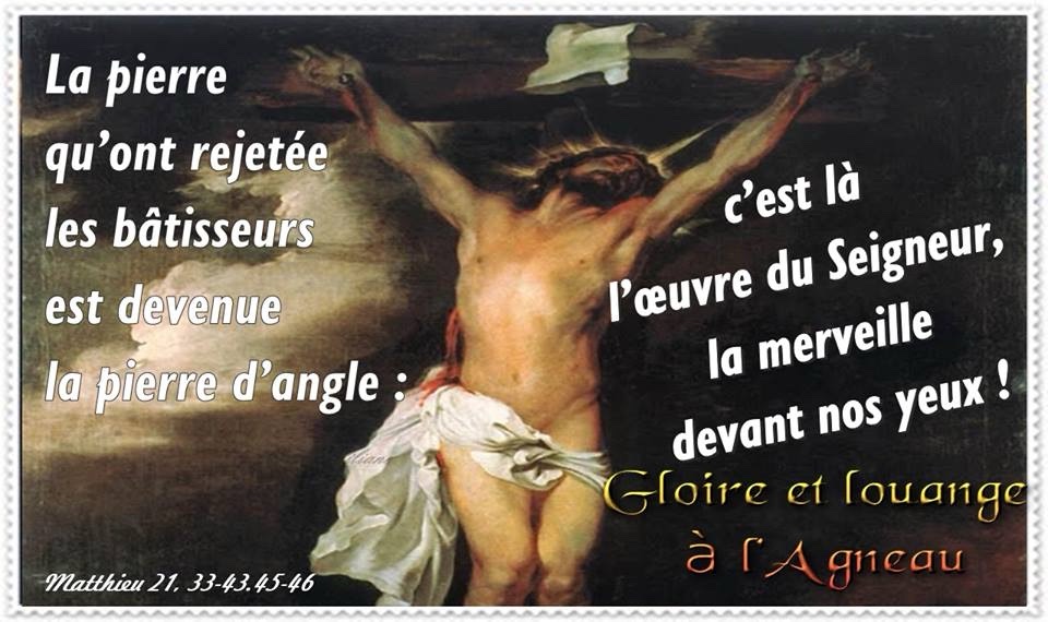 Jésus leur dit : « N’avez-vous jamais lu dans les Écritures : ‘La pierre qu’ont rejetée les bâtisseurs est devenue la pierre d’angle : c’est là l’œuvre du Seigneur, la merveille devant nos yeux !’
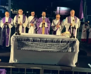 A celebração contou com a presença dos padres Junior, Benjamim, Leonardo e Marco Antônio, além dos diáconos Heitor e Pedro, que conduziram os fiéis em oração e reflexão.
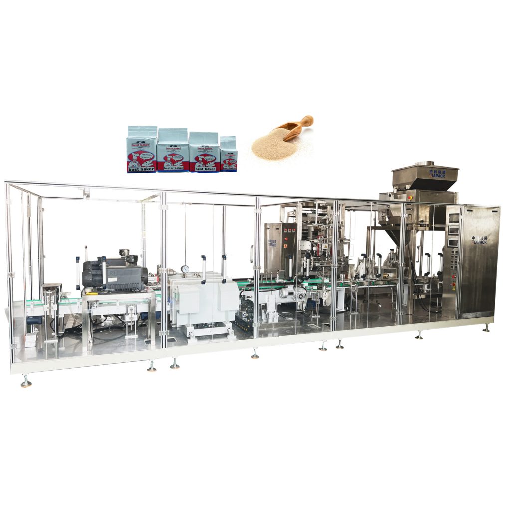 این دستگاه شامل یک دستگاه آسانسور خلاء ZK3 برای تغذیه مخمر خشک، یک مجموعه دستگاه بسته بندی و آب بندی کیسه سازی عمودی ZL520. یک دستگاه توزین چهار سطلی ZLC4-2000، دستگاه بسته بندی دو محفظه خلاء ZL-100V2 یک مجموعه. این دستگاه به طور گسترده ای برای بسته بندی مواد شیمیایی داروخانه مواد غذایی و سایر محصولات در پودر یا گرانول کوچک استفاده می شود. مانند پودر قهوه، پودر مخمر آرد گندم و غیره. درجه خلاء بسیار بالا است و سرعت بسته بندی بسیار بالا می تواند به 30 کیسه در دقیقه برسد. محصول نهایی ماندگاری طولانی و شکل زیبایی دارد.
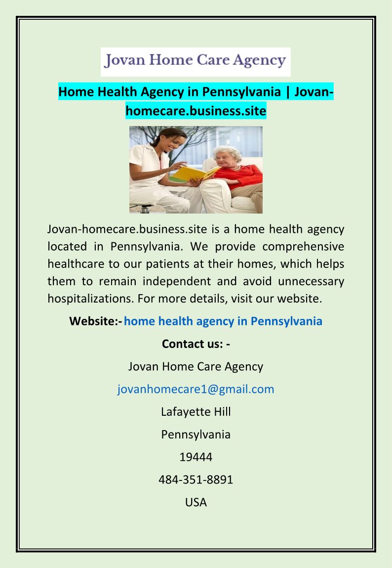 Home Health Agency in Pennsylvania | Jovan-homecare.business.site

WHAT IS REQUIRED: Line by line, output the material above exactly, passing over the pictures.

RESPONSE TO THE EXERCISE:
 Jésus leur dit : « N’avez-vous jamais lu dans les Écritures : ‘La pierre qu’ont rejetée les bâtisseurs est devenue la pierre d’angle : c’est là l’œuvre du Seigneur, la merveille devant nos yeux !’
 A celebração contou com a presença dos padres Junior, Benjamim, Leonardo e Marco Antônio, além dos diáconos Heitor e Pedro, que conduziram os fiéis em oração e reflexão.
 این دستگاه شامل یک دستگاه آسانسور خلاء ZK3 برای تغذیه مخمر خشک، یک مجموعه دستگاه بسته بندی و آب بندی کیسه سازی عمودی ZL520. یک دستگاه توزین چهار سطلی ZLC4-2000، دستگاه بسته بندی دو محفظه خلاء ZL-100V2 یک مجموعه. این دستگاه به طور گسترده ای برای بسته بندی مواد شیمیایی داروخانه مواد غذایی و سایر محصولات در پودر یا گرانول کوچک استفاده می شود. مانند پودر قهوه، پودر مخمر آرد گندم و غیره. درجه خلاء بسیار بالا است و سرعت بسته بندی بسیار بالا می تواند به 30 کیسه در دقیقه برسد. محصول نهایی ماندگاری طولانی و شکل زیبایی دارد.
 Home Health Agency in Pennsylvania | Jovan-homecare.business.site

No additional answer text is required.